#### What the task requires
Leaving out the pictures, retype the lines from the beginning of the listing through the line containing "工作人员对临河区狼山镇光明村麦田测产。新华社记者李云平 摄".

=======

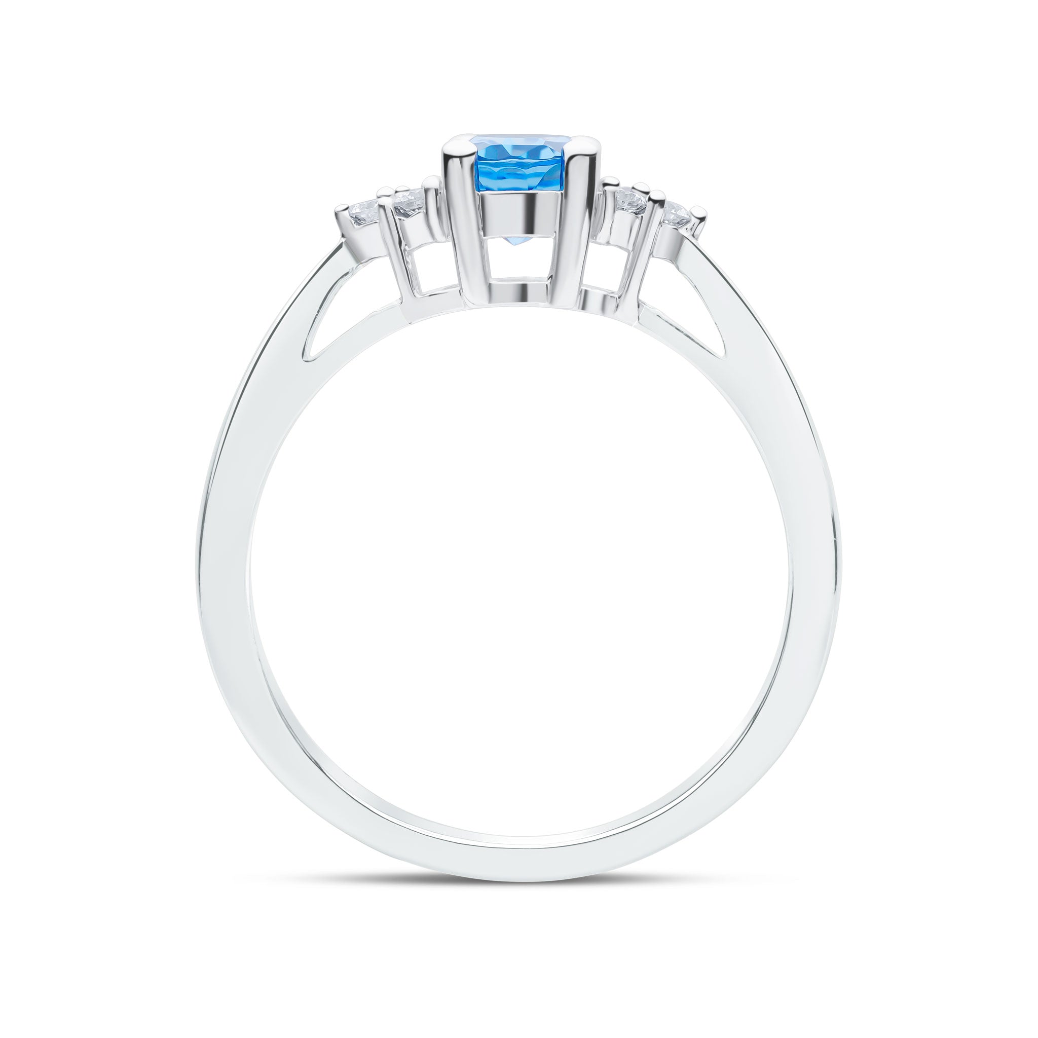 9CT White Gold Oval Swiss Blue Topaz & Diamond Trefoil Ring 7x5mm
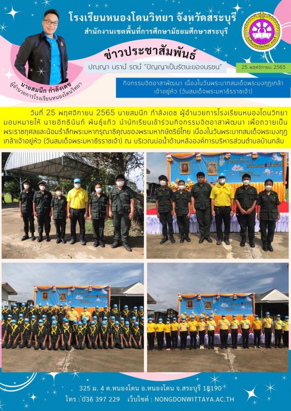 25 พฤศจิกายน 2565 นายสมนึก กำลังเดช ผู้อำนวยการโรงเรียนหนองโดนวิทยา มอบหมายให้ นายอิทธินันท์ พันธุ์แก้ว นำนักเรียนเข้าร่วมกิจกรรมจิตอาสาพัฒนา เพื่อถวายเป็น พระราชกุศลและน้อมรำลึกพระมหากรุณาธิคุณของพระมหากษัตริย์ไทย เนื่องในวันพระบาทสมเด็จพระมงกุฎเกล้าเจ้า
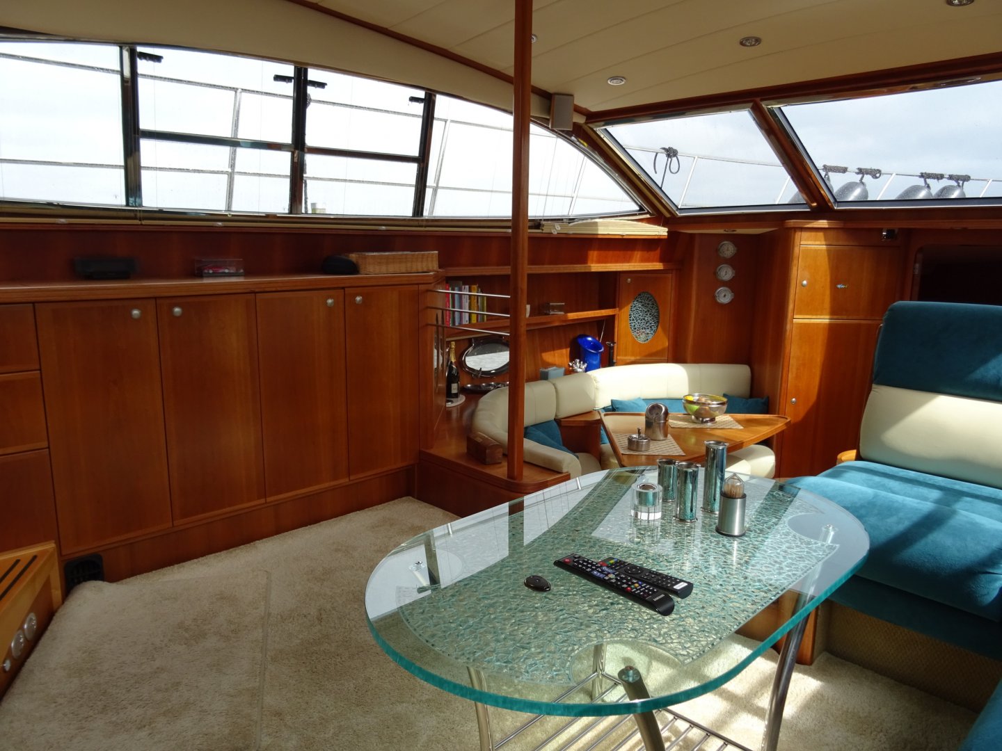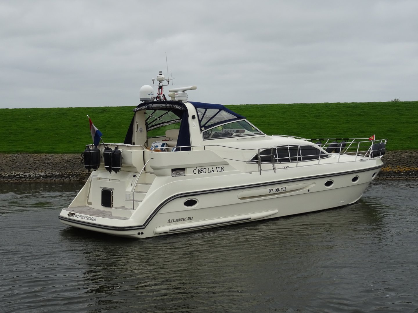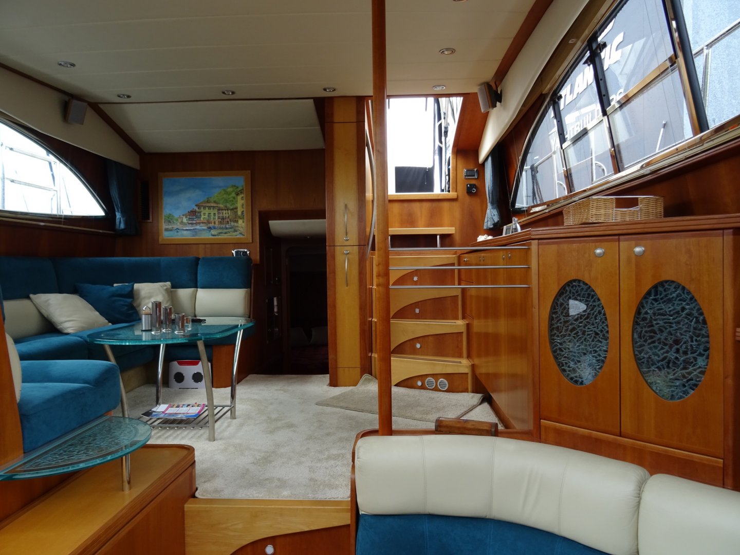 Zeer verzorgde Atlantic 50. Airco, flatscreen op lift, easy handling cabrio, hydraulische radarbeugel, kruiphoogte 3.40 (Franse kanalen mogelijk), rvs raamlijsten, dubbelarmige ruitenwisser met sproeisysteem, teakdek, dubbele rvs reling met zijtrappen en fenderkorfen, dekverlichting, elektrisch verstelbare stuurbank, buitenspeakers, koelbox op achterdek, Siemens vaatwasser, Siemens combi magnetron, Siemens was/droog combinatie, generator, accu's vernieuwd 2017/2018.
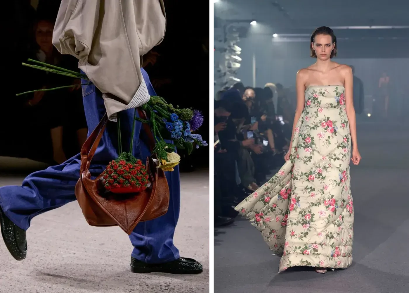 Květiny v kolekcích Bottega Veneta a Vetements, SS25.
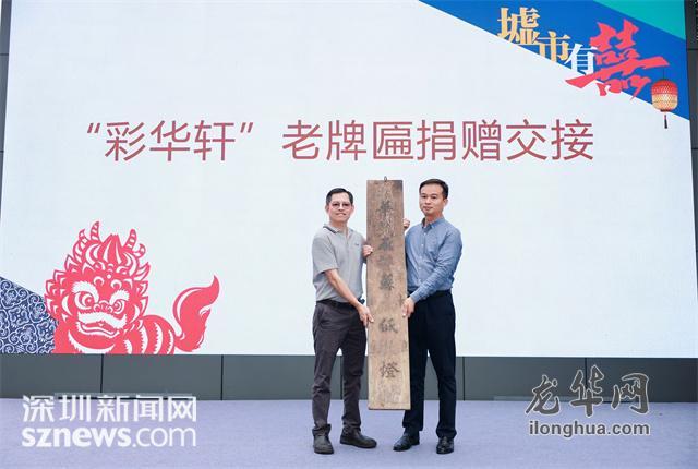 开幕式现场,四大文化项目正式启动,为古墟注入持续活力。历史空间焕新,百年碉楼变身英歌舞传习馆与麒麟文化馆,贵湖塘老围打造客家大院文旅项目,引入武侠互动轻喜剧《笑武林》等新业态,实现传统空间的功能升级。区域协作深化,龙华区与赣州安远县签约安远县数字体验馆落户古墟,VR技术全景展示赣南山水与客家风情。交通配套升级,“观澜假日直通车”正式开通,串联片区文旅资源,提供便捷游览。百年记忆传承,尹氏家族后人捐赠承载140年苏表灯笼技艺的“彩华轩”百年牌匾,延续商埠文脉。四大文化项目的启动,将唤醒市民文化记忆,使千年文脉在创新中生生不息。
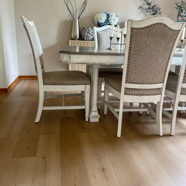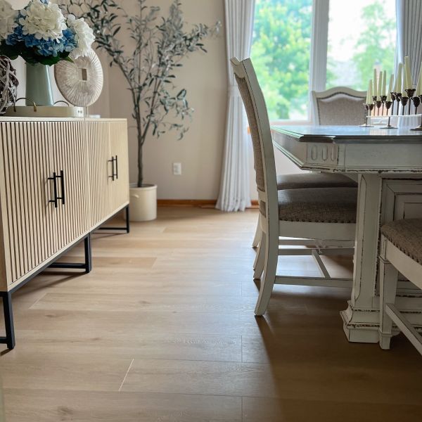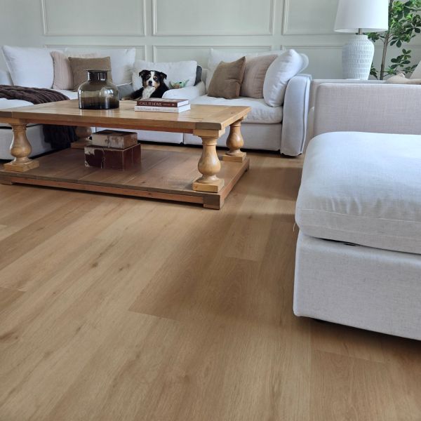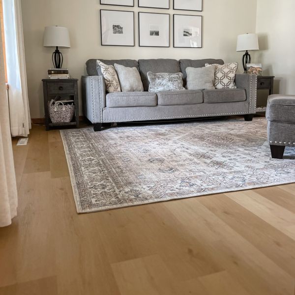 Select Surfaces®’ Riverside rigid core vinyl flooring features a light, natural oak hue with warm beige tones and soft, creamy undertones, enhanced by subtle wood grain detailing. This versatile shade brings an open and inviting energy to any space, seamlessly blending with both modern and classic interiors. It’s a color that creates a relaxed atmosphere while complementing your unique style, adding harmony throughout your home.
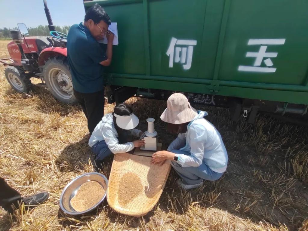 工作人员对临河区狼山镇光明村麦田测产。新华社记者李云平 摄
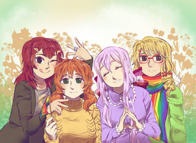 So everyone snows that Steven Universe has a freaking beautiful coloring style. I couldn't help but to take screenshots of some episodes and create my own color palettes out of it. For this one I used the episode We Need To Talk (Episode 62). And BelHun in flower crowns gives me so much life ;w;Hetalia belongs to Hidekaz Himaruya, I only own this artwork! Please give credit if you wish to use on another site!
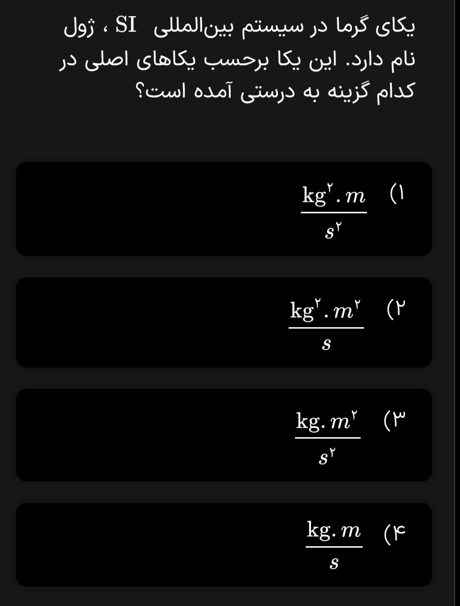 ببخشید من گزینه صحیح و ۳زدم.چون ویدئوقبل استاد فرمودن یکای فرعی فشار میشهkgm بر مجذور ثانیه... پس چه دلیلی داشت که اینجا دور در دور بشه؟
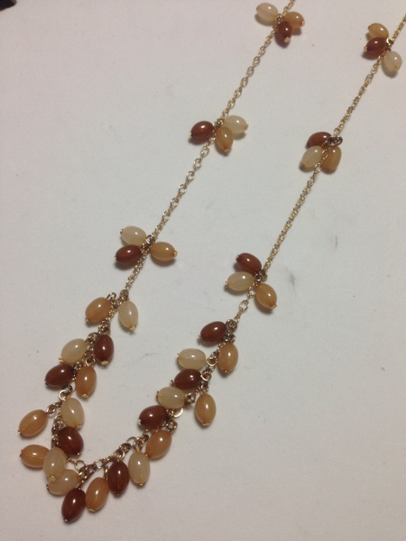 樹脂の木の葉の色のロングネックレスです、ネックレスの長さは80センチです
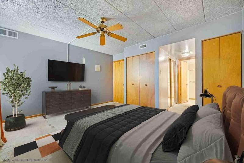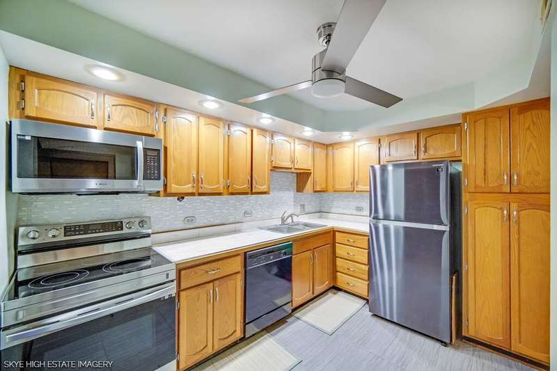 Outstanding value in this 2nd level luxurious 2 bedroom with 2 full bathroom condo. This an impressive, well maintained elevator building is 55 year old or older community. Open layout connecting living, dining and kitchen with new laminate wood flooring. Updated kitchen with newer appliances including dishwasher, garbage disposal and fridge. Balcony with sliding door of the living room. Primary bedroom has four (4) closets including walk-ins and exclusive bathroom with walk in shower. Laundry hook up for side-by-side washer and dryer in the unit (please note unit does not come with washer & dryer). Two (2) indoor heated garage parking spaces. Easy access to nearby shopping, recreation, dining and quick access to the expressway. *CASH ONLY*
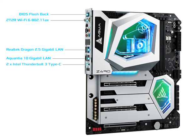 想要升级十代酷睿发烧平台的壕玩家注意了,可能是迄今为止最强、最豪华的Z490主板开卖,这就是华擎的Z490 Aqua,OLED屏+水冷+PCIe 4.0+雷电3+10万兆网卡一应俱全,售价1100美元,全球限量999块,反正没8000块就别想碰了。
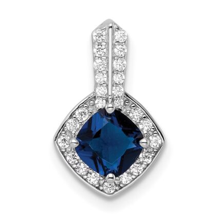 Sterling Silver Rhodium-plated CZ and Blue Glass Pendant
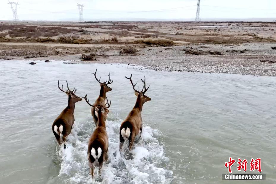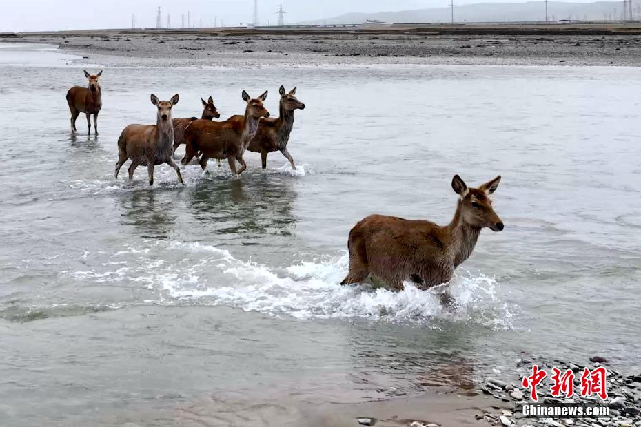 雌性馬鹿結(jié)伴過河。才新木加 攝
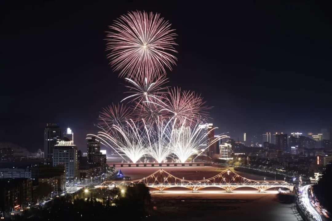 “灯火映七色 春韵焕山城”2025年通化市“龙兴里之夜”元宵节焰火晚会在市区红旗桥绚丽启幕。
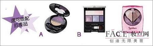 A 绝对要收藏的梦幻眼彩!有如抽象画般的叁色混色眼影,漂亮得让人捨不得使用。(魔幻糖果眼彩#03/ANNA SUI) B 添加隐形珠光能创造出通透的光感,散发出立体光泽。(COFFRET D'OR 3D彩逗眼盒#04/佳丽宝) C 运用浓淡渐层及闪烁光芒变化,创造出明亮高雅的美眼神。(花漾眼影盒#PU-2/LAVSHUCA)
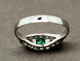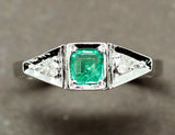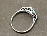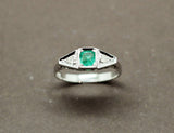 Bague ancienne Art Déco en or blanc 585/1000e, ornée en son centre d'une émeraude taille émeraude d'environ 0,20 carat, sertie en grain dans un carré épaulé de deux formes triangulaires sertie chacune d'un petit diamant. Les reliefs et la forme générale de la bague sont typiquement Art Déco. Son panier est composé de cercles finement ajourés.
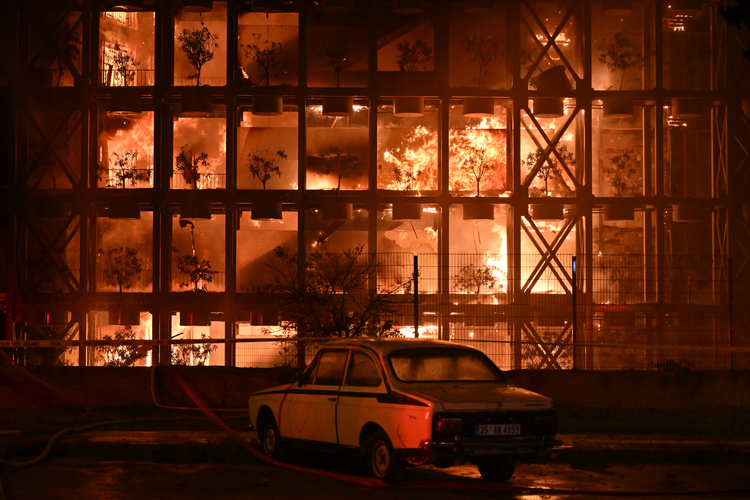 İzmir, 28 Nisan 23 (TAK): İzmir'in Narlıdere ilçesinde lüks bir sitedeki binada çıkan yangın, kontrol altına alındı.
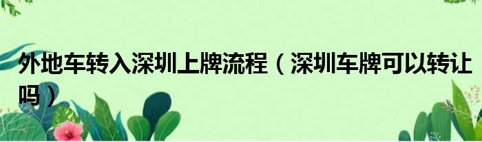 大家好,小纵来为大家解答以上问题。外地车转入深圳上牌流程,深圳车牌可以转让吗这个很多人还不清楚,现在一起跟着小编来瞧瞧吧!
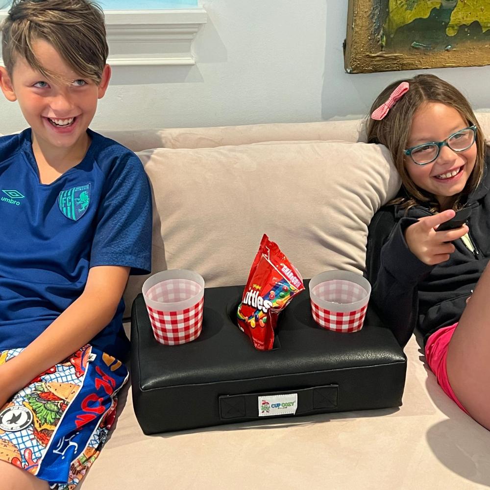 Cup Cozy Pillow created the concept of the "pillow cup holder"—a soft, cushion-style cup holder with expandable cup holes that adapt to almost any size/style of cup or mug. Now you never have to ask "Where am I going to put my drink?"
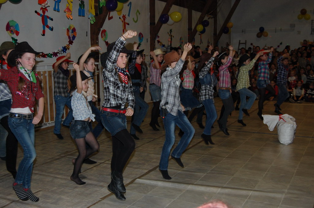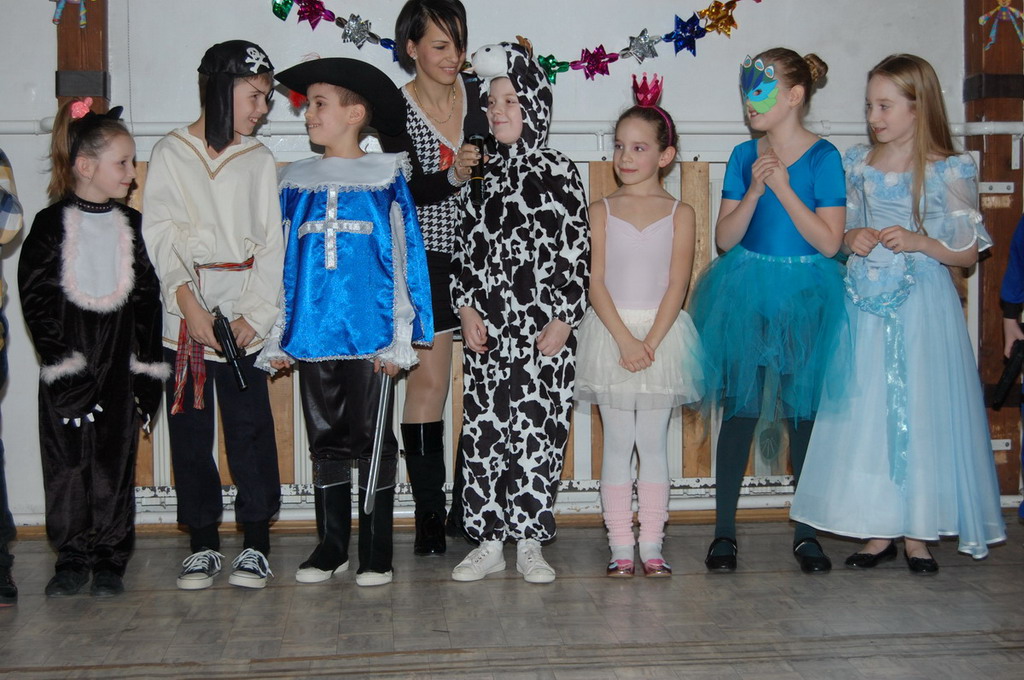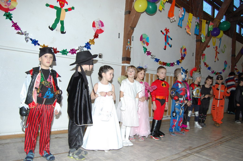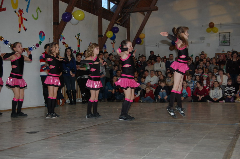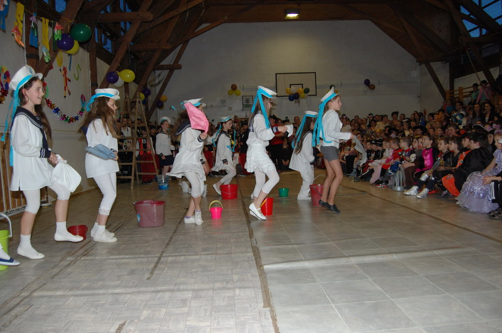 Bemutatták táncukat a rocky-sok, néhány 2.c osztályos tanuló farsangi verset mondott és természetesen nem maradt el az osztályok felvonulása sem. a színes kavalkádot a két 4. osztály táncos produkciója zárta. Az A osztályosok kalóznak-matróznak öltöztek, míg a B osztályosok cowboy lányoknak-fiúknak. A tánc egészen fél 7-ig (az áramszünetig) tartott.
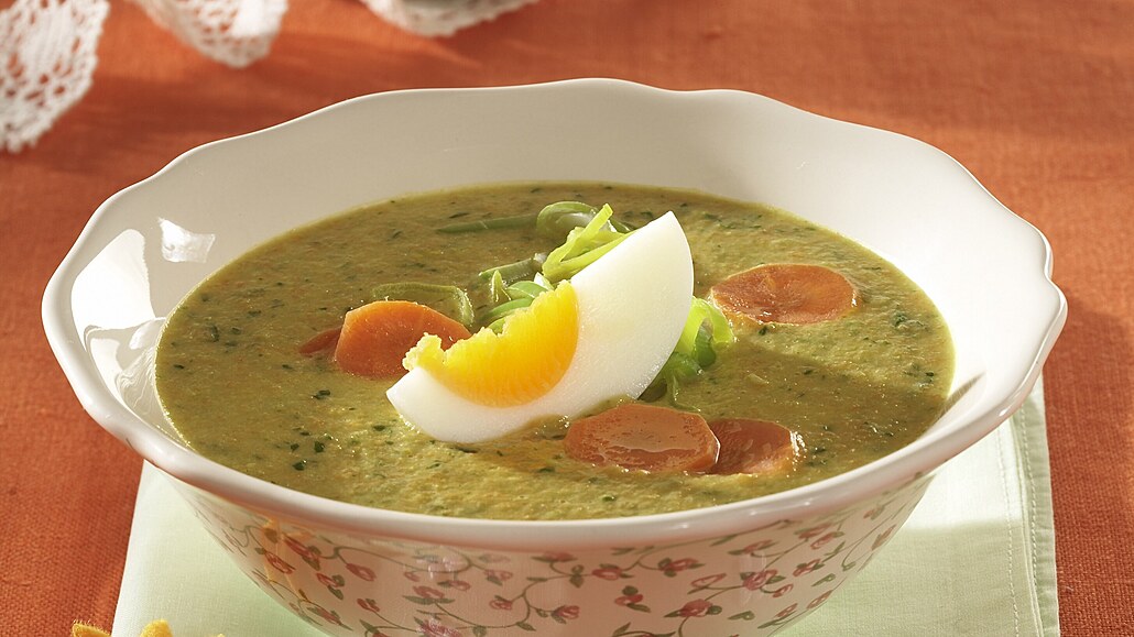 - Polévku rozdělíme do talířů, přidáme vařená vejce a ozdobíme lístky kerblíku, pórkem a kolečky mrkve.

=======

#### Answer to this exercise
 9CT White Gold Oval Swiss Blue Topaz & Diamond Trefoil Ring 7x5mm
 25 พฤศจิกายน 2565 นายสมนึก กำลังเดช ผู้อำนวยการโรงเรียนหนองโดนวิทยา มอบหมายให้ นายอิทธินันท์ พันธุ์แก้ว นำนักเรียนเข้าร่วมกิจกรรมจิตอาสาพัฒนา เพื่อถวายเป็น พระราชกุศลและน้อมรำลึกพระมหากรุณาธิคุณของพระมหากษัตริย์ไทย เนื่องในวันพระบาทสมเด็จพระมงกุฎเกล้าเจ้า
 Zeer verzorgde Atlantic 50. Airco, flatscreen op lift, easy handling cabrio, hydraulische radarbeugel, kruiphoogte 3.40 (Franse kanalen mogelijk), rvs raamlijsten, dubbelarmige ruitenwisser met sproeisysteem, teakdek, dubbele rvs reling met zijtrappen en fenderkorfen, dekverlichting, elektrisch verstelbare stuurbank, buitenspeakers, koelbox op achterdek, Siemens vaatwasser, Siemens combi magnetron, Siemens was/droog combinatie, generator, accu's vernieuwd 2017/2018.
 Květiny v kolekcích Bottega Veneta a Vetements, SS25.
 开幕式现场,四大文化项目正式启动,为古墟注入持续活力。历史空间焕新,百年碉楼变身英歌舞传习馆与麒麟文化馆,贵湖塘老围打造客家大院文旅项目,引入武侠互动轻喜剧《笑武林》等新业态,实现传统空间的功能升级。区域协作深化,龙华区与赣州安远县签约安远县数字体验馆落户古墟,VR技术全景展示赣南山水与客家风情。交通配套升级,“观澜假日直通车”正式开通,串联片区文旅资源,提供便捷游览。百年记忆传承,尹氏家族后人捐赠承载140年苏表灯笼技艺的“彩华轩”百年牌匾,延续商埠文脉。四大文化项目的启动,将唤醒市民文化记忆,使千年文脉在创新中生生不息。
 Select Surfaces®’ Riverside rigid core vinyl flooring features a light, natural oak hue with warm beige tones and soft, creamy undertones, enhanced by subtle wood grain detailing. This versatile shade brings an open and inviting energy to any space, seamlessly blending with both modern and classic interiors. It’s a color that creates a relaxed atmosphere while complementing your unique style, adding harmony throughout your home.
 工作人员对临河区狼山镇光明村麦田测产。新华社记者李云平 摄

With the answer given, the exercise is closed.